Principles of Gasification

Biomass is a natural substance, which accumulates solar energy as chemical energy by the process of photosynthesis in the presence of sunlight. Biomass chiefly contains cellulose, hemi-cellulose and lignin, having an average composition of C6H10O5, with slight variations. For the complete combustion of biomass the theoretically amount of air required (defined as the stoichiometric quantity) is 6 to 6.5 kg of air per kg of biomass and the end products are CO2 and H2O. In gasification, biomass is subjected to partial pyrolysis under sub-stoichiometric conditions with the air quantity being limited to 1.5 - 1.8 kg of air per kg of biomass. The resultant mixture of gases generated during the gasification process is called producer gas, contains CO and H2 and is combustible. The raw producer gas also contains tar and particulate matter which have to be removed as they are harmful to the engine.

A typical gasifier plant based on IISc technology consists of a reactor, which receives air and solid fuel and converts them into gas, followed by a cooling and washing train where the impurities are removed. The clean combustible gas at a nearly ambient temperature is available for running diesel-generator sets in dual fuel mode or gas engine generator sets suitable for running on producer gas alone. In thermal applications, the cooling and cleaning of the raw gas is limited to the requirements of the thermal process.

In the down draft reactor, biomass feedstock undergoes drying and de-volatilisation in the upper zones and produces char. The volatile matters undergo oxidation in the combustion zone, with air being partially drawn from the open top and partially supplied by air nozzles located after the de-volatilisation zone. The gas then flow through a hot charcoal bed in which the tar produced earlier is burnt. This is the special feature of the IISc gasification process which enables the tar in the raw producer gas to be maintained at relatively low levels. Special washing and cleaning systems developed as an integral part of the gasification system further reduce the levels of tar and particles in the cold producer gas to very low levels. These are the features which are responsible for enabling the engines to run for long operating hours with maintenance requirements which are similar to those specified for pure diesel or pure gas firing.

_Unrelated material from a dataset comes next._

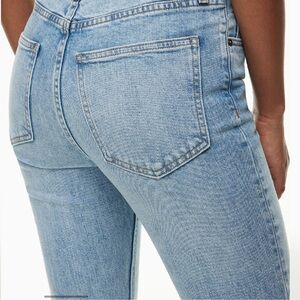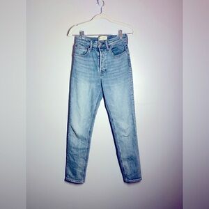 These high rise jeans feature a classic blue hue with a vintage-inspired design. The denim is rigid, offering a timeless look with natural fading for a lived-in feel. Slightly tapered towards the ankle, they provide a flattering silhouette.

The producer gas delivered from the gasifier has the following average chemical composition. CO: 20 + 2%; CH4 : 3 + 1%; H2 : 20 + 2%; CO2: 12 + 1% ; Rest: N2 The lower calorific value is about 4.5- 5.0 MJ/kg (1000 - 1200 kcal/ m3).

Applications

Producer gas

Obtained by the process of gasification, can be employed in thermal application or for mechanical / electrical power generation. Like any other gaseous fuel, producer gas affords much better control over power levels when compared to solid fuel. This also paves the way for more efficient and cleaner operation.

Thermal

For thermal applications, gasifiers are a good option as a gasifier can be retrofitted with existing devices such as ovens, furnaces, boilers, etc. Thermal energy of the order of 4.5 to 5.0 MJ is released by burning 1 m3 of producer gas in the burner. Flame temperatures as high as 1200° C can be obtained by optimal air preheating and pre-mixing of air with gas. Producer gas can thus replace fossil fuels in a wide range of devices. A few of the devices which could be retrofitted with gasifiers are furnaces for melting non-ferrous metals and for heat treatment, tea dryers, ceramic kilns, boilers for process steam and thermal fluid heaters.

Power Generation

A diesel engine can be operated on dual fuel mode using producer gas. Diesel substitution of over 80% at high loads and 70 - 80% under normal load variations can be achieved. The mechanical energy thus derived can be used either for driving water pumps for irrigation or for coupling with an alternator for electrical power generation. Alternatively, a gas engine can be operated with producer gas on 100% gas mode with suitably modified air / fuel mixing and control system.